MATERIALS PROVIDED>
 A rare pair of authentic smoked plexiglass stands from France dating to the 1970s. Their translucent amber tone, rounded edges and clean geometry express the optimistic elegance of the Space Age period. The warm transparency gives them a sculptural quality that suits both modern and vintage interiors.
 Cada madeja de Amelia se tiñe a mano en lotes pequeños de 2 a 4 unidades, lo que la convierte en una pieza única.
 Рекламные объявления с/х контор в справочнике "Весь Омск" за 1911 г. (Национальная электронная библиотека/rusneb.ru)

* * *

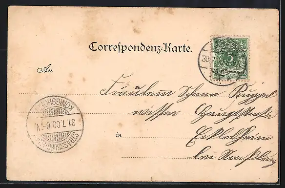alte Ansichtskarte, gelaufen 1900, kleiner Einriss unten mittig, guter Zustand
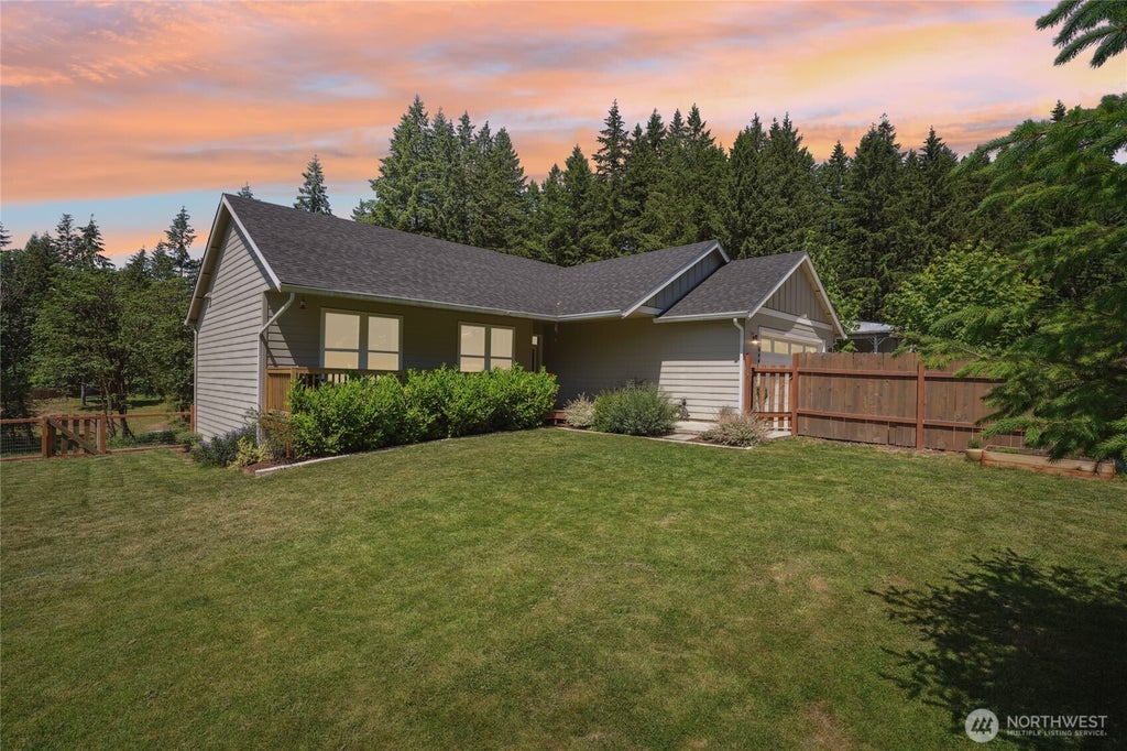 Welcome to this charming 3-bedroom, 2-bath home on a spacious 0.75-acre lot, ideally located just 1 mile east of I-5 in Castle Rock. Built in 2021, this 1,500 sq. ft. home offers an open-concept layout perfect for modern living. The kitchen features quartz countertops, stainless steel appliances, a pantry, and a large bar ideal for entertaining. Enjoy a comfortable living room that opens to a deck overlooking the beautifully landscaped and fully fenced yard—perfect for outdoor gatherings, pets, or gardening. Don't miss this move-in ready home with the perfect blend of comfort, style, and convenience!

DESCRIPTION OF THE TASK> All lines above from the line with "A rare pair" through the line with "Рекламные объявления с/х", both included, are to be set down exactly, with nothing else.

TASK OUTPUT>
 A rare pair of authentic smoked plexiglass stands from France dating to the 1970s. Their translucent amber tone, rounded edges and clean geometry express the optimistic elegance of the Space Age period. The warm transparency gives them a sculptural quality that suits both modern and vintage interiors.
 Cada madeja de Amelia se tiñe a mano en lotes pequeños de 2 a 4 unidades, lo que la convierte en una pieza única.
 Рекламные объявления с/х контор в справочнике "Весь Омск" за 1911 г. (Национальная электронная библиотека/rusneb.ru)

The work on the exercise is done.